Friend,
Bernie Sanders is on track to win the Democratic presidential primary in
California. The most exciting politicians in the country: Sanders,
Alexandria Ocasio-Cortez, Rashida Tlaib, and others, are all
associated with our national organization. And 2019 was a hugely
successful year for DSA Los Angeles, thanks to you all!
What did we accomplish in 2019?
We stood in solidarity with workers…
In Los Angeles, our membership held the line in solidarity
with 30,000 striking United Teachers of Los Angeles
members, demanding smaller
class sizes, more resources for public school kids, and better pay for
teachers and school workers. We also organized #TacosForTeachers,
which provided over $40,000 worth of tacos via local vendors, to striking teachers and
their allies during the strike.
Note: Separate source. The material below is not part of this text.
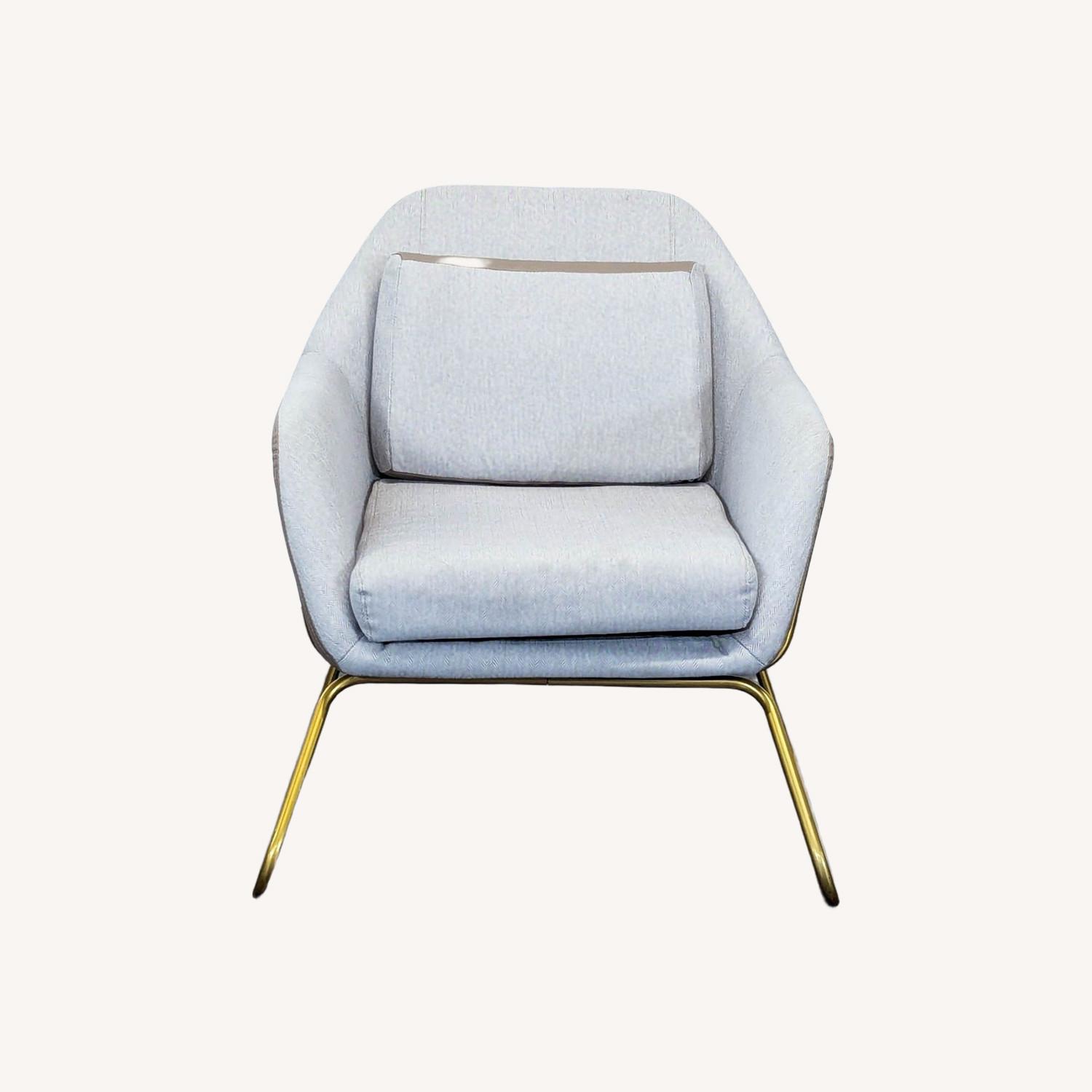 Seller's Notes:This modern lounge chair features a sturdy gold metal frame and soft neutral cushions for added comfort. Its sleek design fits well in any living room, office, or lounge area. The supportive back and wide seat make it perfect for relaxing or reading. Simple and stylish, it blends easily with any decor.

The union won that fight.
We walked the line with striking
UAW workers at the General Motors plant in Rancho Cucamonga as part of
the first nationwide strike against the
automotive industry in over a decade. The union won that round as
well.
We also stood in solidarity with
UFCW 770 grocery store
workers, Amazon workers, the University Technical Professional
Employees of the UC System,
with the
UCLA Medical Residents Union
Organizing Committee, a
local of SEIU, and with
UNITE HERE! Local 11 in fighting against the overreach of big
bosses, nefarious hoteliers, and other bad actors.
This past month, we joined over 4,000 striking mental health
clinicians of the National Union of Healthcare Workers
(NUHW) across California in
protesting severe wait times and accessibility issues for Kaiser
Permanante’s mental healthcare patients. Our own DSA-LA members were
among the rank and file leaders of the picket line, and DSA-LA stands
by ready to join the NUHW on the line again when they ask.
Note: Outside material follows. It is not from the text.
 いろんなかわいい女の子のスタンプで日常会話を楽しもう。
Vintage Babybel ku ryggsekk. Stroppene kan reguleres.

We campaigned for socialist and progessive political
leaders…
We campaigned for DSA-LA member, Jackie
Goldberg, to take the open Los Angeles Unified School District School
Board seat in 2019, and to
flip the core of that body from charter school shills to public school
champions. Jackie won that race and now we have a true, progressive and
socialist hero on the LAUSD School Board.
We campaigned for climate scientist, Loraine
Lundquist in the special
election for the City Council District 12 seat. Although we came up
short in that campaign, our membership helped build a campaign and
public narrative focused on climate and housing justice. We hope to see Loraine win in the upcoming
CD12 primary.
And now we are campaigning for
another DSA-LA member, SELAH and #TimesUp veteran Nithya Raman for City Council District
4. Her opponent David Ryu
is swimming in developer money and misleading the public about it. We
aren’t having it. We’ll be hitting the streets in the coming months
for Nithya. Join us in that fight!
Our organizing crossed borders…
Our Immigration Justice
Committee sent delegations of our members across the border to Tijuana
to provide aid and solidarity to Central American migrants and
refugees. The committee also organized multiple, high-profile disruptions of corporate tech
contractor Salesforce a
vendor for US Customs and Border Protection (CBP).
Our NOlympics working group sent a group of comrades to
Tokyo, host of the 2020
Olympic games, to join a broad, international coalition of grassroots
organizations that are exposing the abuses of “the games”. We
strengthened international bonds and sent a clear message to the
Olympics organizers, the IOC: we aren’t going anywhere.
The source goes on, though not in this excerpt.